- **AVAILABLE DATA**:
________________________

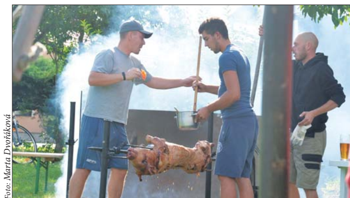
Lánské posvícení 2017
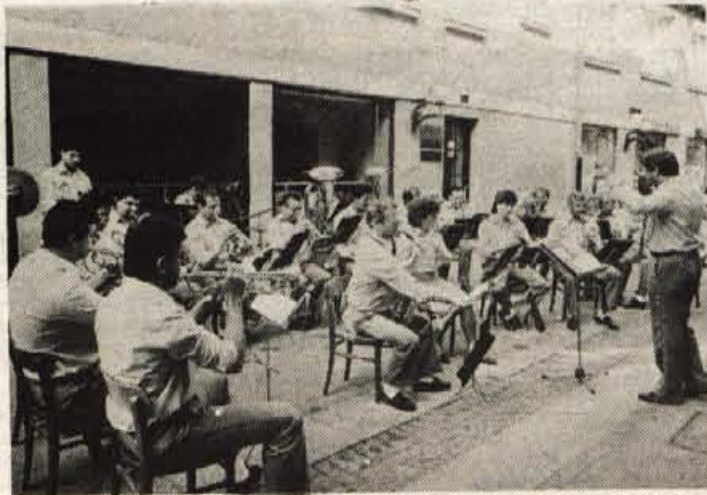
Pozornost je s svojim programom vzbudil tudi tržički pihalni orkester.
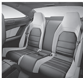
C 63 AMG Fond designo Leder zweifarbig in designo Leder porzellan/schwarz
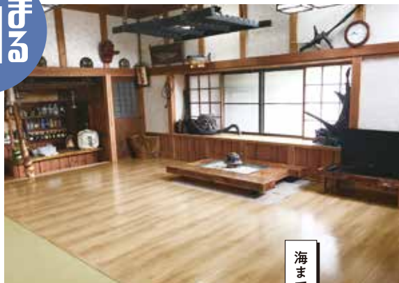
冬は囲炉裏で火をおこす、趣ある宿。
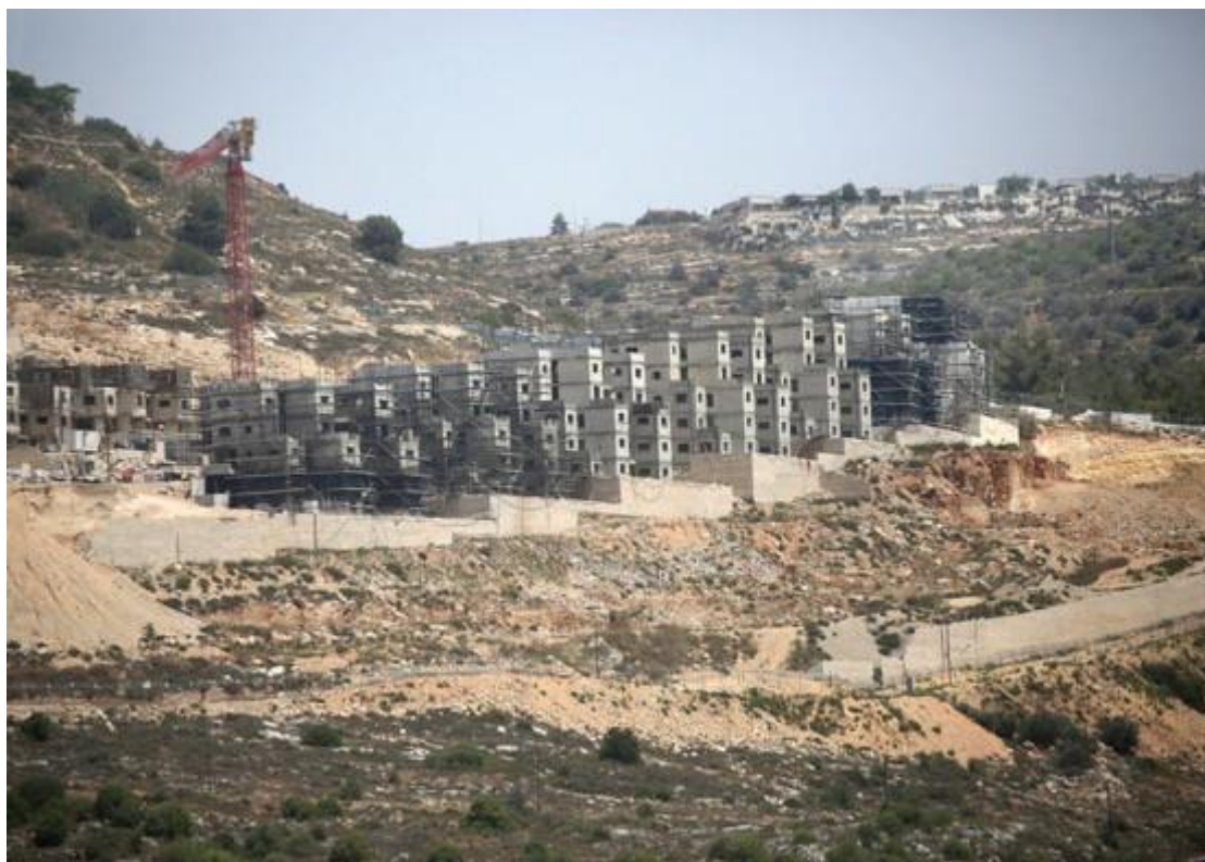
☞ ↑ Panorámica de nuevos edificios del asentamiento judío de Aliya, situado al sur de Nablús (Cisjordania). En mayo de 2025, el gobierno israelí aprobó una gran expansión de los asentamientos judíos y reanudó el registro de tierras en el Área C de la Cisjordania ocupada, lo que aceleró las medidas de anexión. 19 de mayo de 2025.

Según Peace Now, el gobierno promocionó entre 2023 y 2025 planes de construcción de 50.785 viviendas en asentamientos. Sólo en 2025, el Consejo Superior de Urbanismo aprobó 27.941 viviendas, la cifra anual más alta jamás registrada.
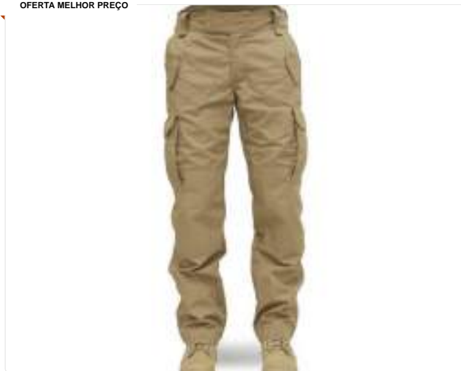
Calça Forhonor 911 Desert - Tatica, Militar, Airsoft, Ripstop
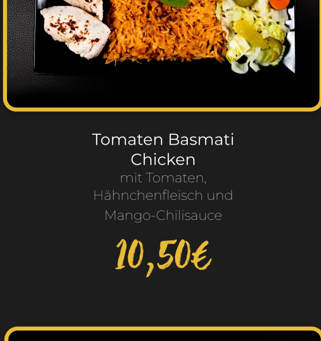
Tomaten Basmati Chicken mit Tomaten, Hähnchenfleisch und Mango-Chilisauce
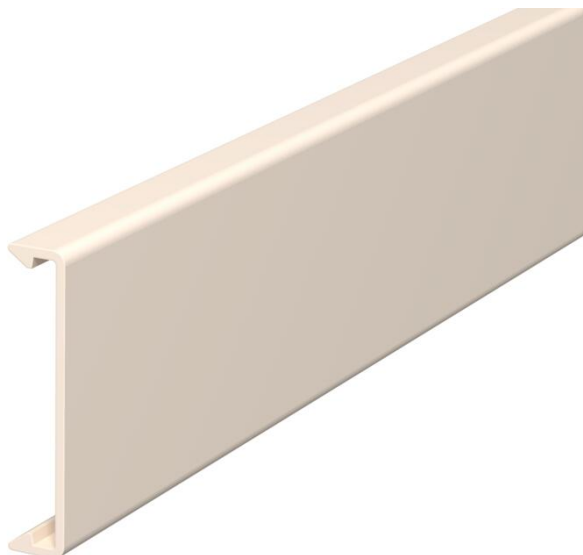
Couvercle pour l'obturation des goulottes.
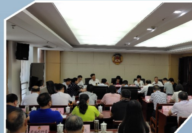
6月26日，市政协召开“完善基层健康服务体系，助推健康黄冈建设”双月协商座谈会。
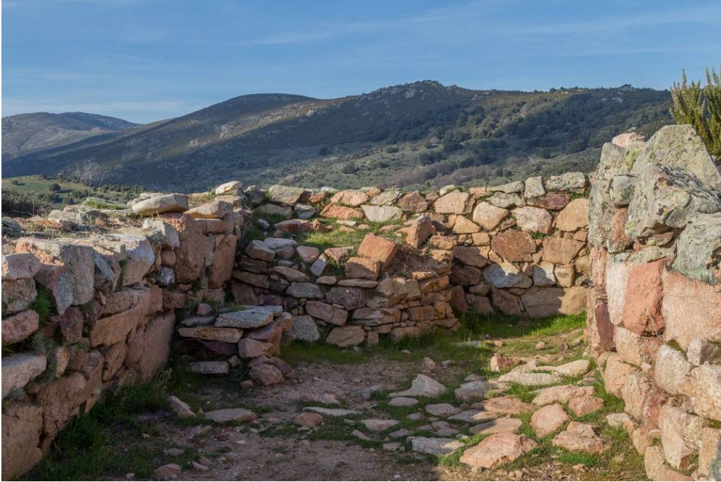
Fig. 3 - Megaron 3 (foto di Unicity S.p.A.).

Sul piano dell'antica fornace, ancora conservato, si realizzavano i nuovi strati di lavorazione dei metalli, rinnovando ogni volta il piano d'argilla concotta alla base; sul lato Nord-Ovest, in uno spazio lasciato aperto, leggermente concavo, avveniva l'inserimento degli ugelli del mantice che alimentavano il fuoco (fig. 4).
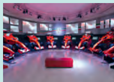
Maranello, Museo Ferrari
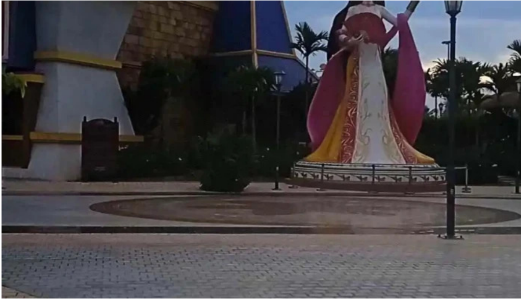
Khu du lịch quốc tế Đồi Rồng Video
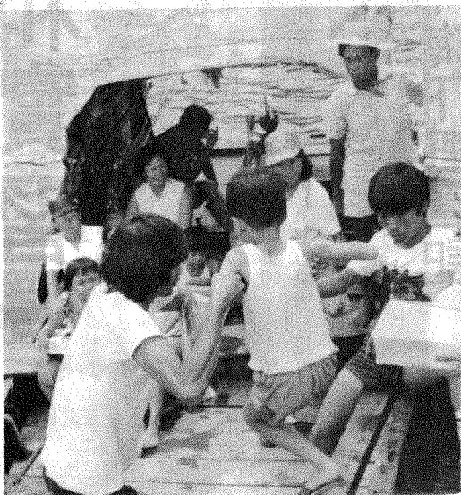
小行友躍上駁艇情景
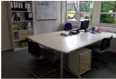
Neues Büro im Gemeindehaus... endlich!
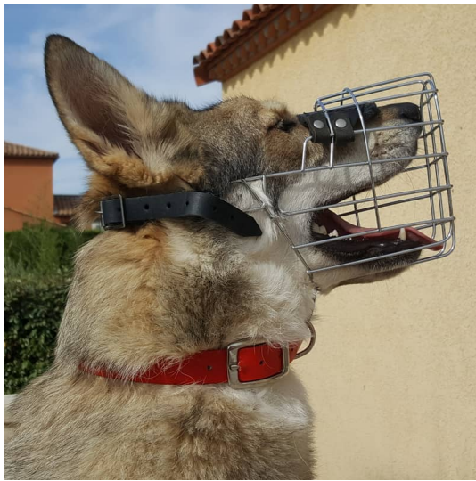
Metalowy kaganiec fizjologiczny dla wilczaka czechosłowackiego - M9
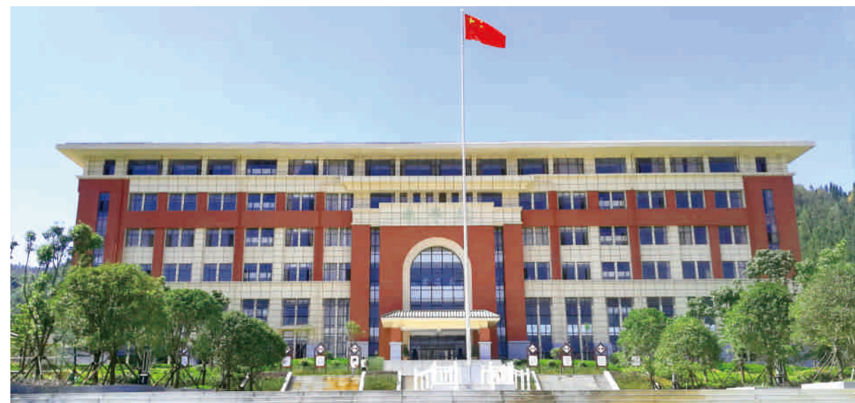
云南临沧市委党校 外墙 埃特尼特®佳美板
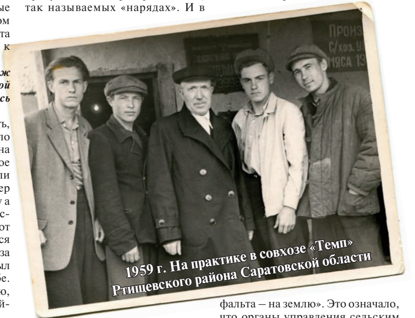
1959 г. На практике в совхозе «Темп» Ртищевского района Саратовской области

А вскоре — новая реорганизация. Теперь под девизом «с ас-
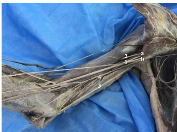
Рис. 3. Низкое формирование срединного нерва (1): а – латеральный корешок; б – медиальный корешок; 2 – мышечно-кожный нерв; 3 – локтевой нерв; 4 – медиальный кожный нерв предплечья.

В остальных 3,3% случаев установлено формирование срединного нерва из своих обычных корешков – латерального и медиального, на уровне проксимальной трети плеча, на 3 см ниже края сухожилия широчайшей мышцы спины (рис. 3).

________________________

- **THE TASK**: Each line from the start of the entries above through the line with "mayo de 2025." should be duplicated exactly, leaving out the pictures.

- **ANSWER SPACE**:
Lánské posvícení 2017
Pozornost je s svojim programom vzbudil tudi tržički pihalni orkester.
C 63 AMG Fond designo Leder zweifarbig in designo Leder porzellan/schwarz
冬は囲炉裏で火をおこす、趣ある宿。
☞ ↑ Panorámica de nuevos edificios del asentamiento judío de Aliya, situado al sur de Nablús (Cisjordania). En mayo de 2025, el gobierno israelí aprobó una gran expansión de los asentamientos judíos y reanudó el registro de tierras en el Área C de la Cisjordania ocupada, lo que aceleró las medidas de anexión. 19 de mayo de 2025.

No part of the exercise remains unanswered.